Lo segundo que hay que apuntar es que el Supremo no condena a los líderes del procés por el delito más grave por el que se les enjuiciaba, el de rebelión. El Tribunal asume que hubo episodios de violencia -factor clave para determinar ese tipo penal-, pero interpreta que no fue suficiente para alcanzar el objetivo de la secesión, y asume que es técnicamente complicado atribuírsela personalmente a los condenados, es decir, que estos hubieran diseñado una estrategia para utilizarla a fin de alcanzar su propósito.

El fallo es, además, unánime. Una sentencia con votos particulares discrepantes habría mostrado debilidad en la imprescindible respuesta penal al golpe y habría incrementando su vulnerabilidad de cara a los recursos que con toda seguridad plantearán los condenados ante el Tribunal Constitucional y el Tribunal de Derechos Humanos de Estrasburgo.

Condenas severas

Esta calificación de los hechos, por lo demás, es proporcional a lo que ocurrió realmente: no hubo armas, no hubo muertos... y aunque es cierto que los golpes de Estado modernos no se hacen sacando tanques a la calle, el objetivo de los promotores quedó muy lejos de poder alcanzarse.   

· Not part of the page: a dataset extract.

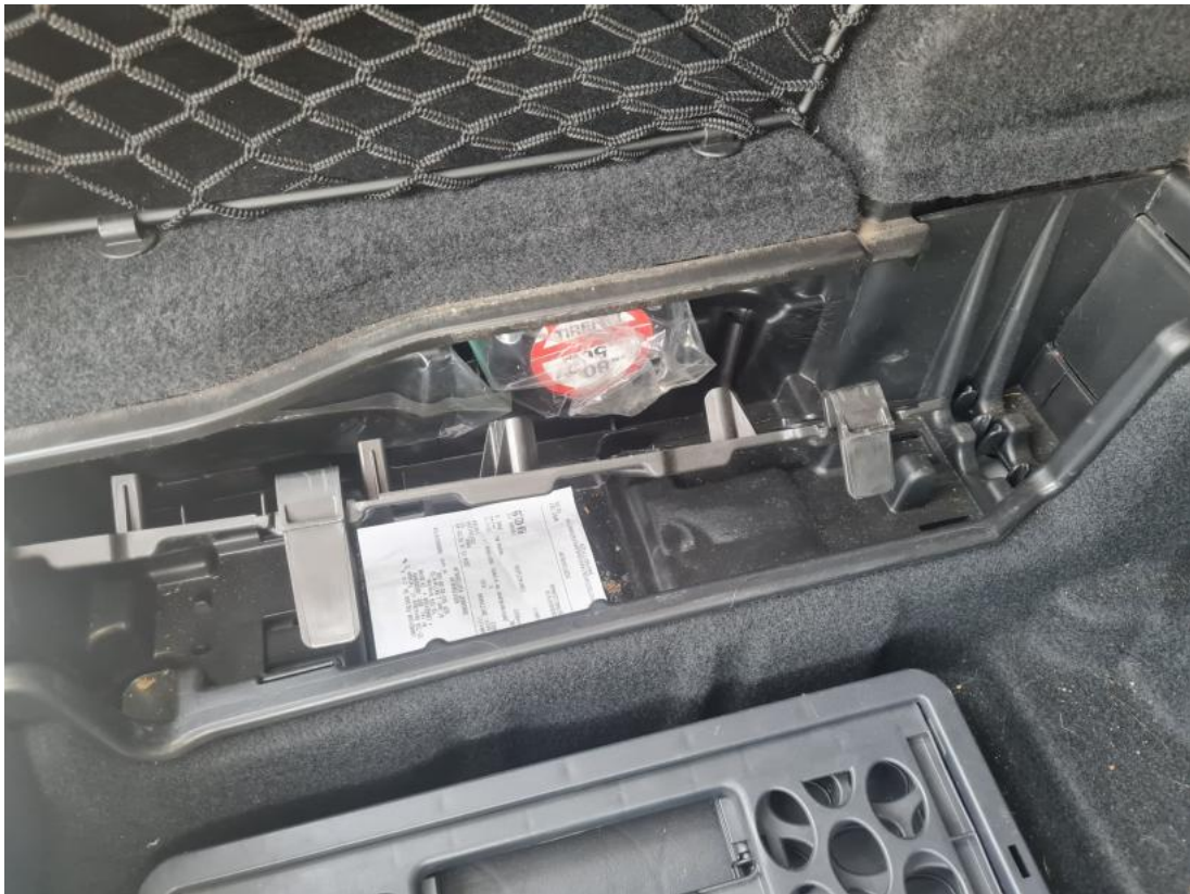
Fot. 35 Zestaw naprawczy koła

Lo tercero que hay que subrayar es que estamos ante una condena ponderada, que recoge los niveles mínimos y medios dentro la horquilla de penas que establece el Código Penal para los delitos aplicados. A ninguno de los condenados se les ha impuesto la sanción máxima posible. Desde ese punto de vista, estamos ante una sentencia que hace compatible unas condenas severas -acordes a la gravedad de los hechos juzgados- con un relato de los hechos reconocible por amplios sectores de la sociedad catalana y española.

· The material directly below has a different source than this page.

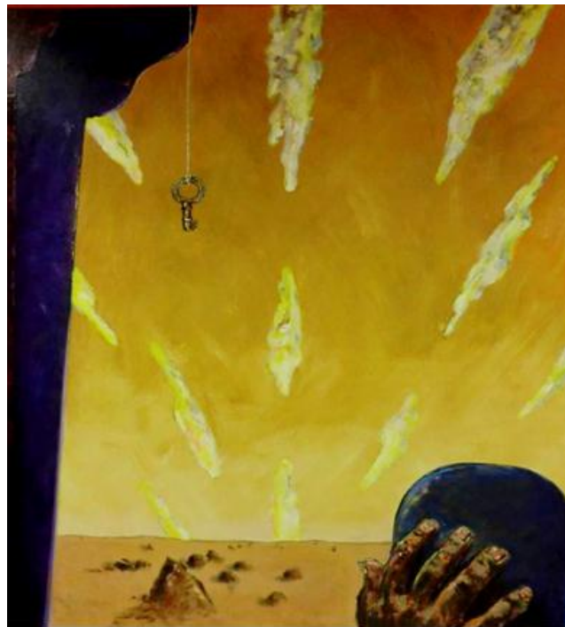
Paisaje con llave , acrílico sobre lienzo

Lluvias sobre la ciudad , de orientación vertical y de colores neutrales aunque claros es una manifestación más sobria. La sensación que produce en el espectador es distinta ya que lleva más hacia una reflexión. De manera similar aunque con una alegoría un tanto distinta,

Piénsese en que, de otra manera, dificilmente podría incrementarse la pena del principal condenado, Oriol Junqueras. ¿Qué quedaría, entonces, para Puigdemont, si, como es de justicia, Bélgica se decide finalmente a que responda ante los tribunales españoles, como debió suceder desde la primera euroorden de Llarena?

Reacciones

Lo más polémico de la sentencia podría acabar siendo su cumplimiento. Aunque el Supremo, en tanto que tribunal sentenciador, tiene la última palabra en la calificación del grado de los presos, el Reglamento Penitenciario permite a la Generalitat conceder un tercer grado encubierto que en la práctica equivaldría a facilitarles la libertad. Por eso son pertinentes las propuestas de Casado y de Rivera de acometer las reformas necesarias para que las condenas no puedan sortearse por la puerta de atrás, e incluso recuperar para el Estado las competencias que en materia penitenciaria tiene transferidas Cataluña.

El presidente Sánchez ha estado en su papel al ofrecer "diálogo dentro de la legalidad" a las autoridades catalanas como forma de pasar página y mirar al futuro. La reacción de Vox, tildando la sentencia de "gravísimo error", y la de Torra y el independentismo, recurriendo al victimismo, eran lo esperado. En el caso del presidente de la Generalitat es muy grave que hable de "sentencias injustas y antidemocráticas", de "causa general contra Cataluña" y de que ha habido "venganza y no justicia". Razón de más para que alguien así no tenga la última palabra sobre el cumplimiento de la pena de los condenados.

Frente al ruido de quienes tratan de desprestigiar la Justicia española, la realidad es que la sentencia supone un dique de contención al intento ilegítimo del independentismo de vulnerar la ley. Siendo equilibrada, lanza además un aviso a navegantes, en el sentido de que existe margen para endurecer la respuesta a posibles nuevos desafíos. Y todo ello, con una redacción exhaustiva en sus argumentos y didáctica, que no deja cabos sueltos. Estamos ante una resolución del Supremo tan histórica como modélica.